Class: ElasticsearchLLMCache

This class provides the core functionality for creating, querying, and updating a cache index in Elasticsearch.

__init__(self, es_client: Elasticsearch, index_name: Optional[str] = None, es_model_id: Optional[str] = 'sentence-transformers__all-distilroberta-v1', create_index=True)

Constructor method to initialize the ElasticsearchLLMCache instance.

  • es_client (Elasticsearch): Elasticsearch client object.
  • index_name (str, optional): Name for the index; defaults to 'llm_cache'.
  • es_model_id (str, optional): Model ID for text embedding; defaults to 'sentence-transformers__all-distilroberta-v1'.
  • create_index (bool, optional): Whether to create a new index; defaults to True.

create_index(self, dims: Optional[int] = 768) -> Dict

Method to create a new index for caching if it does not already exist.

  • dims (int, optional): The dimensionality of the vector; defaults to 768.

Returns:

  • Dictionary containing information about index creation.

Mapping:

  • prompt: text
  • response: text
  • create_date: date
  • last_hit_date: date
  • prompt_vector: dense_vector

query(self, prompt_text: str, similarity_threshold: Optional[float] = 0.5) -> dict

Method to query the index to find similar prompts and update the last_hit_date for that document if a hit is found.

  • prompt_text (str): The text of the prompt to find similar entries for.
  • similarity_threshold (float, optional): The similarity threshold for filtering results; defaults to 0.5.

Returns:

  • A dictionary containing the hits or an empty dictionary if no hits are found.

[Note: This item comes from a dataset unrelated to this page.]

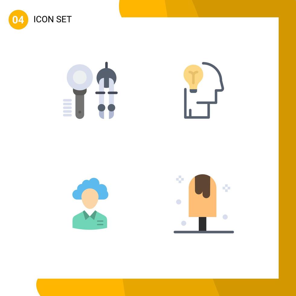 Set of 4 Vector Flat Icons on Grid for search solution tool bulb cloud Editable Vector Design Elements Free Vector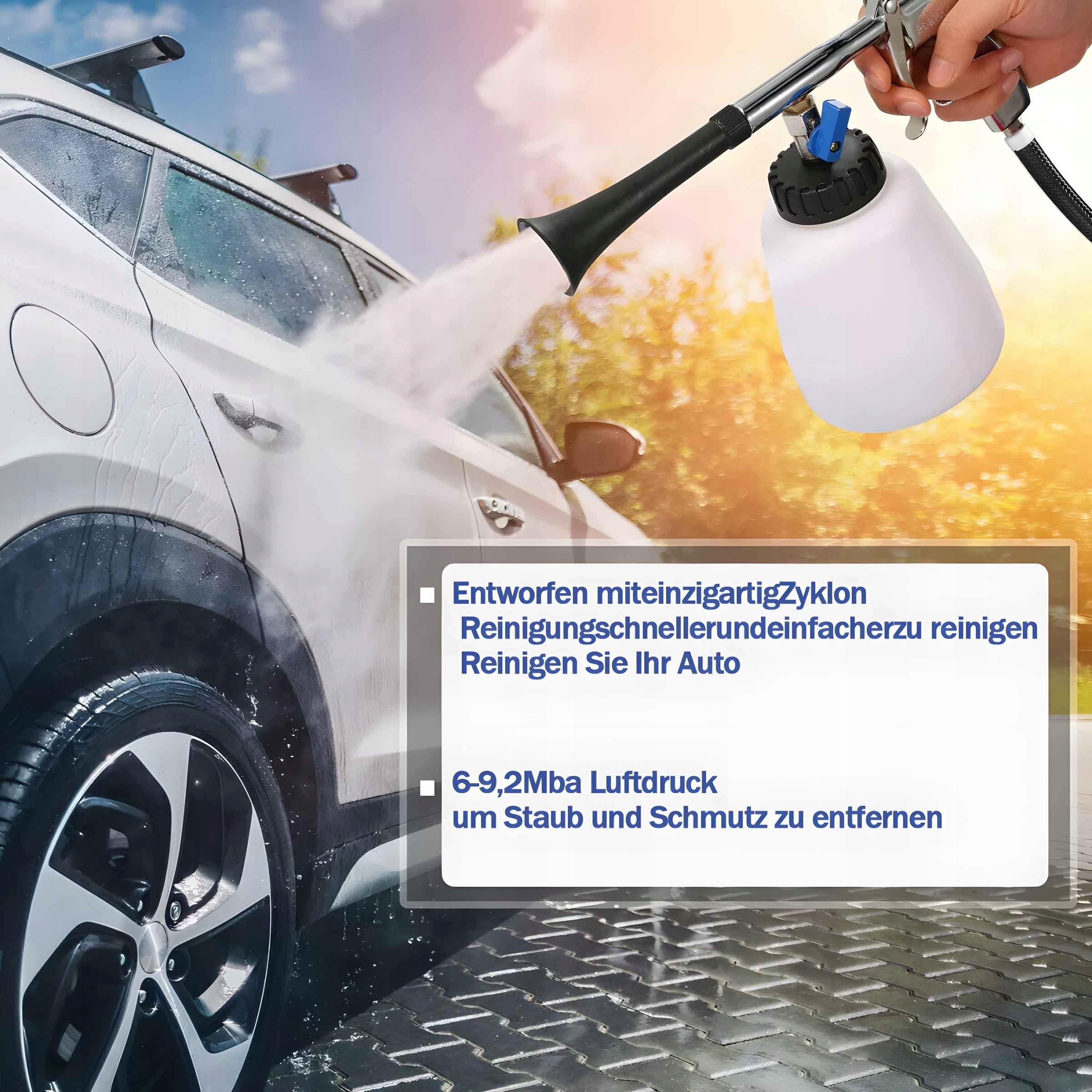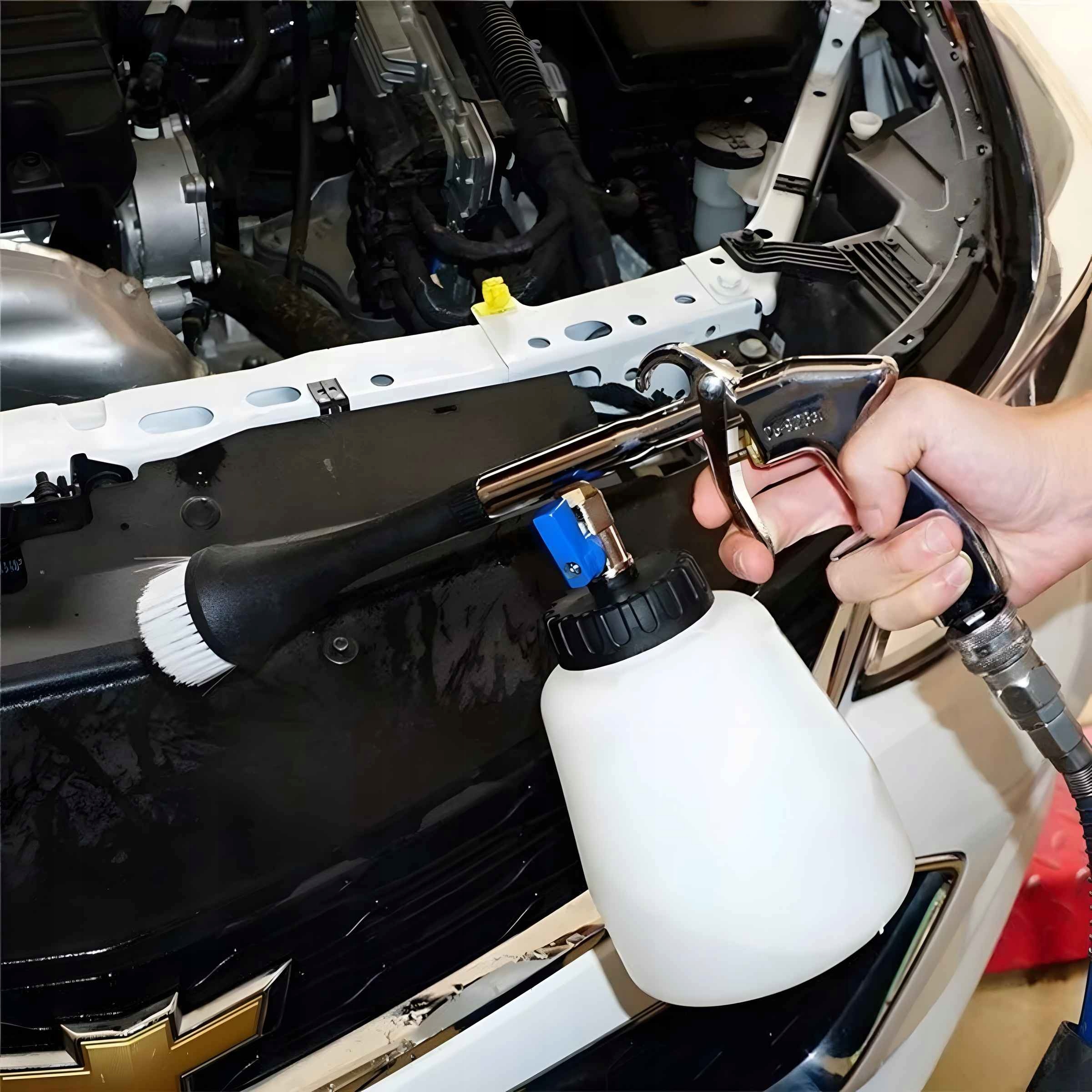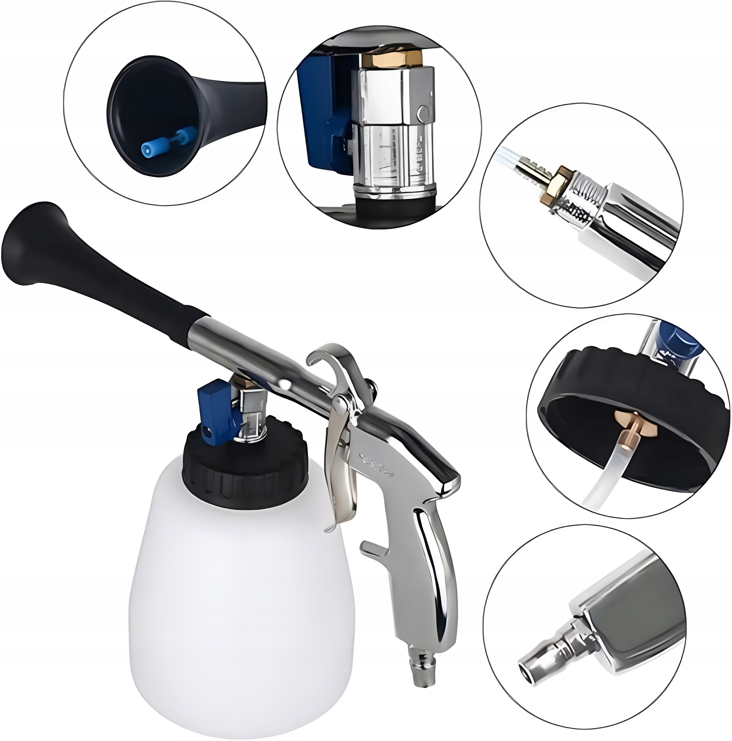 Предназначен для любителей и профессионалов, пистолет для влажной уборки грязи с кузова и салона автомобиля, в том числе: воздухозаборников, кондиционера, зеркальных и пластиковых элементов, сидений, обивки салона, ковров, грязи и трудноудаляемых загрязнений. Благодаря насадке особой формы с вращающимся сердечником пистолет под воздействием сжатого воздуха производит пенистый чистящий раствор, который очищает все элементы, лишь слегка смачивая их! Это очень эффективное устройство, оно использует минимальное количество воды и чистящих средств. Он доходит до всех труднодоступных мест и щелей, куда не может добраться обычная губка, тряпка, кисточка или кисточка!!! Идеально подходит для коммерческой чистки различных типов поверхностей, таких как обивка, мебель, диски, воздуховоды и т. д. Для работы не требуются мощные компрессоры, достаточно давления в 5 бар. Пистолет имеет регулируемую дозировку химикатов, что позволяет подстраивать раствор под очищаемую поверхность.

add(self, prompt: str, response: str, source: Optional[str] = None) -> dict

Method to add a new document to the index when there is no cache hit and a response is fetched from LLM.

  • prompt (str): The user prompt.
  • response (str): The LLM response.
  • source (str, optional): Source identifier for the LLM.

Returns:

  • A dictionary indicating the successful caching of the new prompt and response.

Example Usage

from elasticsearch import Elasticsearch
from elasticsearch_llm_cache.elasticsearch_llm_cache import ElasticsearchLLMCache

# Initialize Elasticsearch client
es_client = Elasticsearch()

# Initialize Elasticsearch LLM Cache
llm_cache = ElasticsearchLLMCache(es_client)

# Query the cache
cache_response = llm_cache.query(prompt_text="Hello, how can I help?")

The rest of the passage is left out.